Типичный HTM сеть представляет собой иерархию уровней дерева, (не путать со «слоями» неокортекса, как описано ниже). Эти уровни состоят из более мелких элементов, называемых регионами (или узлами). Один уровень иерархии может содержать несколько регионов. На более высоких уровнях иерархии часто меньше регионов. Более высокие уровни иерархии могут повторно использовать шаблоны, изученные на более низких уровнях, комбинируя их для запоминания более сложных шаблонов.

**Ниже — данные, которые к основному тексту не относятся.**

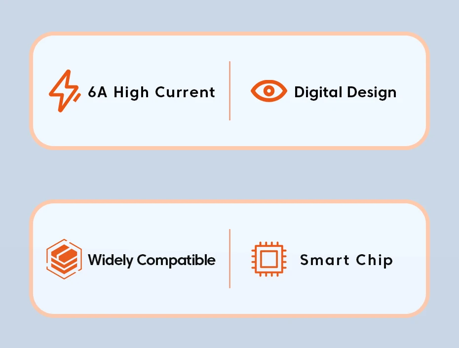 Corriente máxima de 6A:Cargue sus dispositivos de manera eficiente con una corriente máxima de 6A.

Каждый регион HTM выполняет одну и ту же базовую функцию. В режимах обучения и вывода сенсорные данные (например, данные глаз) поступают в области нижнего уровня. В режиме генерации области нижнего уровня выводят сгенерированный шаблон данной категории. Верхний уровень обычно имеет одну область, в которой хранятся самые общие и наиболее постоянные категории (концепции); они определяют или определяются меньшими концепциями на более низких уровнях - концепциями, более ограниченными во времени и пространстве. В режиме вывода область (на каждом уровне) интерпретирует информацию, поступающую из ее «дочерних» областей, как вероятности категорий, которые она хранит в памяти.

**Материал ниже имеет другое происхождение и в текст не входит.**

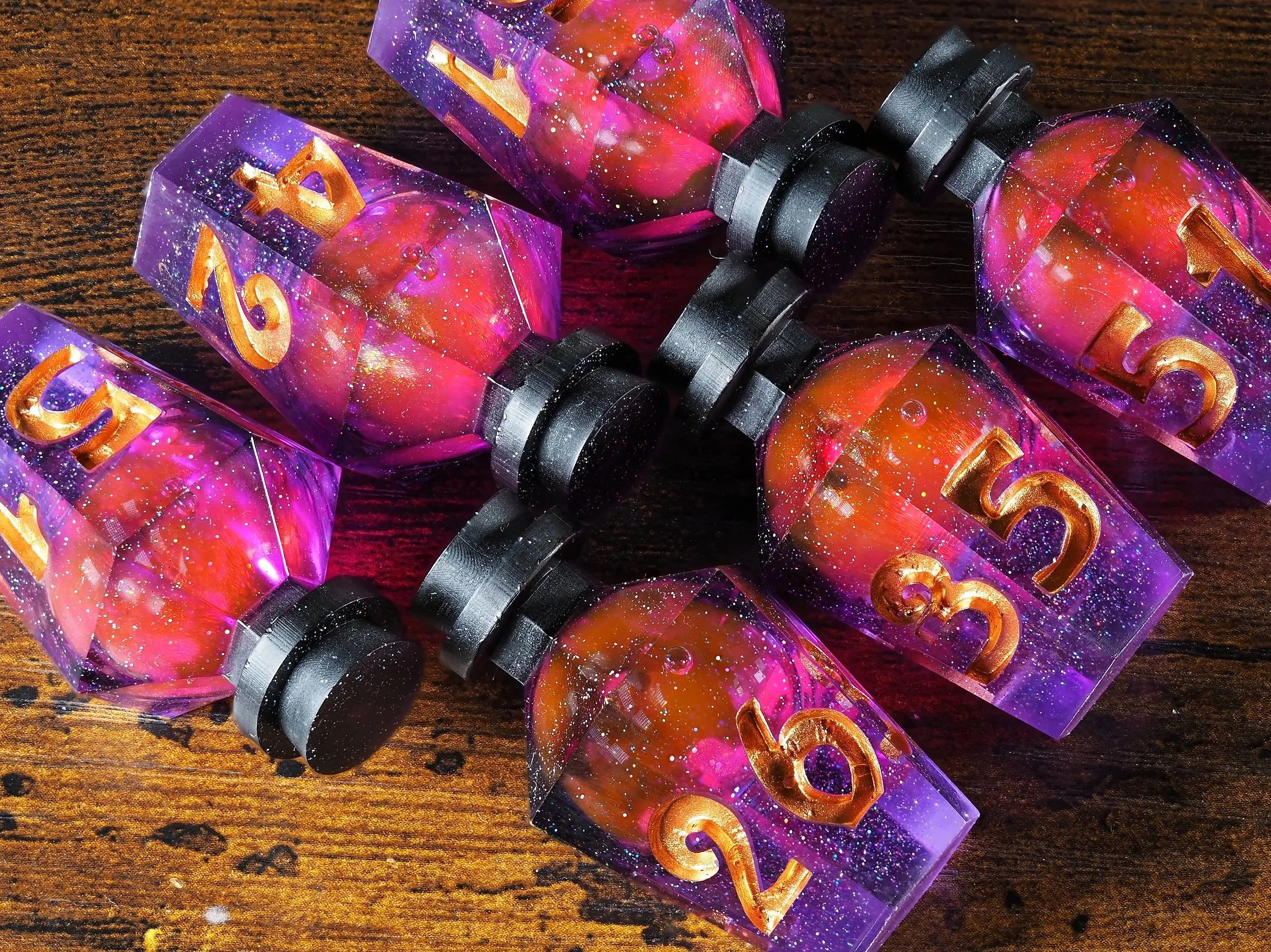 Each die is crafted into a mystical vial-shaped potion, its outer shell a noble and deep amethyst color, as if absorbing shadowy energy from the abyss. The true spectacle lies at its core: flowing, molten red sand, shimmering with fiery gold.

Каждая область HTM обучается путем идентификации и запоминания пространственных паттернов - комбинаций входных битов, которые часто возникают одновременно. Затем он определяет временные последовательности пространственных паттернов, которые могут возникать один за другим.

Как развивающаяся теория

HTM - это развивающаяся теория (или модель): это еще не законченная теория, поскольку наши знания о неокортексе являются неполными. Таким образом, новые данные о неокортексе постепенно включаются в модель HTM, которая со временем меняется в ответ. Новые результаты не обязательно аннулируют предыдущие части модели, поэтому идеи одного поколения не обязательно исключаются из следующего. Из-за развивающейся природы теории было несколько поколений алгоритмов HTM, которые кратко описаны ниже.

Первое поколение: дзета 1

Первое поколение алгоритмов HTM (или первая версия теории HTM) иногда называют дзета 1.

Обучение

Во время обучения узел (или область) получает временную последовательность пространственных паттернов в качестве входных данных. Процесс обучения состоит из двух этапов:

  1. пространственное объединение идентифицирует (на входе) часто наблюдаемые закономерности и запоминает их как «совпадения». Паттерны, которые существенно похожи друг на друга, рассматриваются как одно и то же совпадение. Большое количество возможных входных шаблонов сокращается до управляемого количества известных совпадений.
  2. Временное объединение разделяет совпадения, которые, вероятно, будут следовать друг за другом в обучающей последовательности, на временные группы. Каждая группа паттернов представляет собой «причину» входного паттерна (или «имя» в On Intelligence).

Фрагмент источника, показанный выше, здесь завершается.